(Collected data)
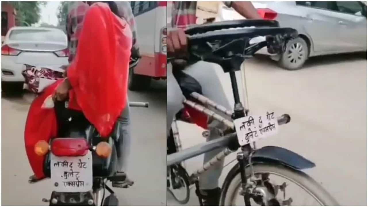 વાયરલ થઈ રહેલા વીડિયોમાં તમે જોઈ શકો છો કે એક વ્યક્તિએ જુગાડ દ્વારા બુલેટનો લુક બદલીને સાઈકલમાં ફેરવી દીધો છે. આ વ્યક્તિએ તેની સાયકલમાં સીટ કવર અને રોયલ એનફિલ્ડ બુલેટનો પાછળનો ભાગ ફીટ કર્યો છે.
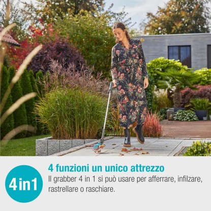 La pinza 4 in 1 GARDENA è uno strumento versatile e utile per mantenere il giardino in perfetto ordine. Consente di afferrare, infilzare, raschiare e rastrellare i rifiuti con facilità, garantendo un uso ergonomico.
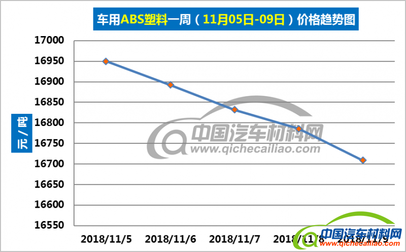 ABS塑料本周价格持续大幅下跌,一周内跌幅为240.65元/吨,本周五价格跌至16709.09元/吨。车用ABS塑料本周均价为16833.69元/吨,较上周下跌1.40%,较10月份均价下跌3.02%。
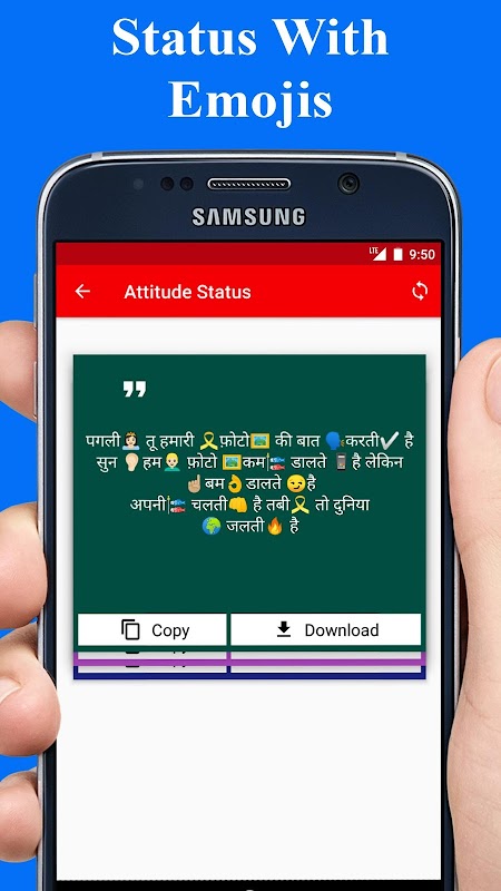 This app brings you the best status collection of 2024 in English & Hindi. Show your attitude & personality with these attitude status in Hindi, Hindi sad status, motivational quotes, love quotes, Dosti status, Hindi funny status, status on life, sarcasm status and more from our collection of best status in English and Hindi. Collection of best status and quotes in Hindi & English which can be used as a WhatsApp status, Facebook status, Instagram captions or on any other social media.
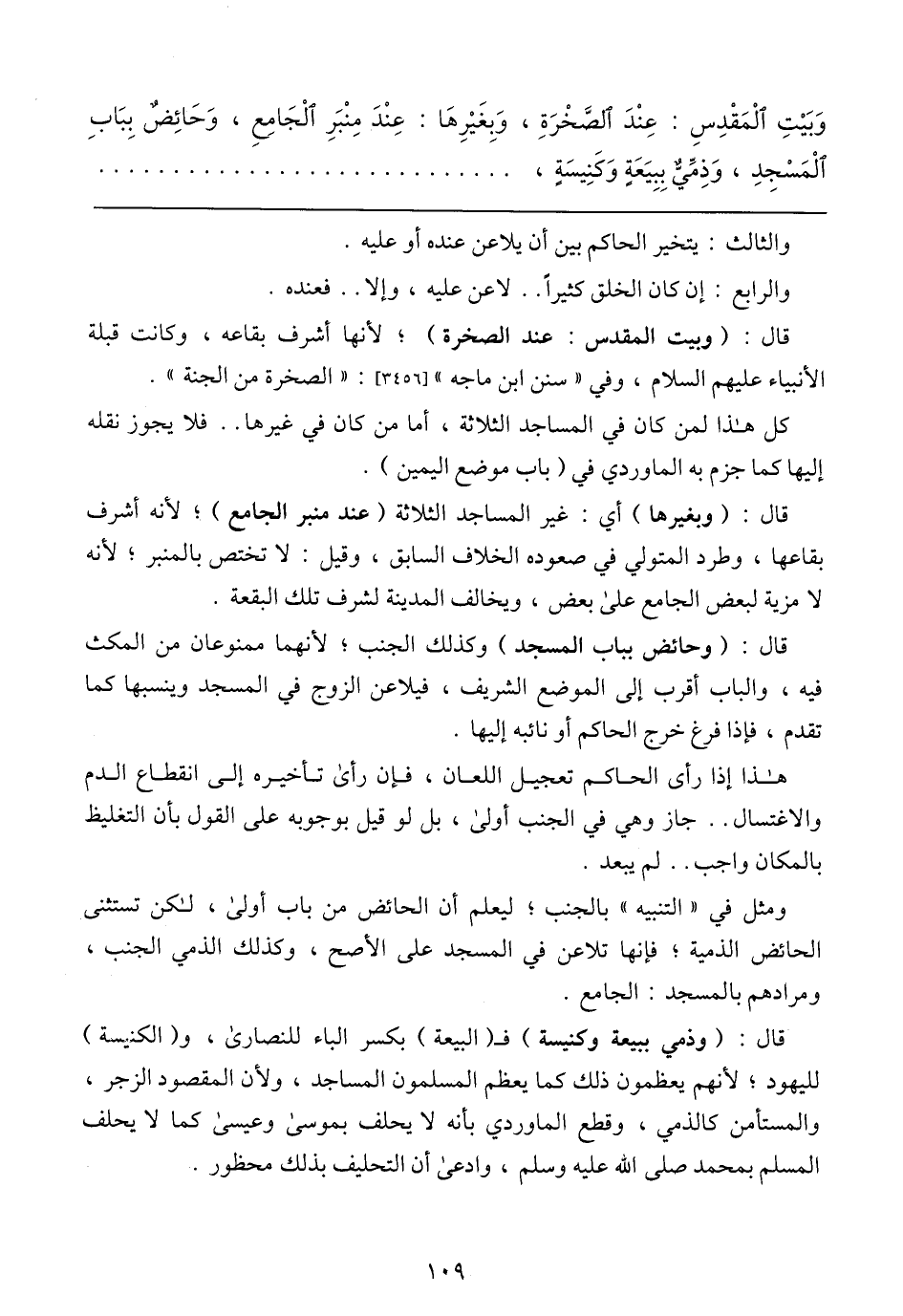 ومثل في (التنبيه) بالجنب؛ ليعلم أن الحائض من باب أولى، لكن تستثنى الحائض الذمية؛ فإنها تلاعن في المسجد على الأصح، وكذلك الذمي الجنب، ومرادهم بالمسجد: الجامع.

TASK TO CARRY OUT: Above are some records. Reproduce the lines from the one with "La pinza 4 in" down to the one with "ABS塑料本周价格持续大幅下", keeping both, and leave every picture out.

REPLY TO THE EXERCISE:
 La pinza 4 in 1 GARDENA è uno strumento versatile e utile per mantenere il giardino in perfetto ordine. Consente di afferrare, infilzare, raschiare e rastrellare i rifiuti con facilità, garantendo un uso ergonomico.
 ABS塑料本周价格持续大幅下跌,一周内跌幅为240.65元/吨,本周五价格跌至16709.09元/吨。车用ABS塑料本周均价为16833.69元/吨,较上周下跌1.40%,较10月份均价下跌3.02%。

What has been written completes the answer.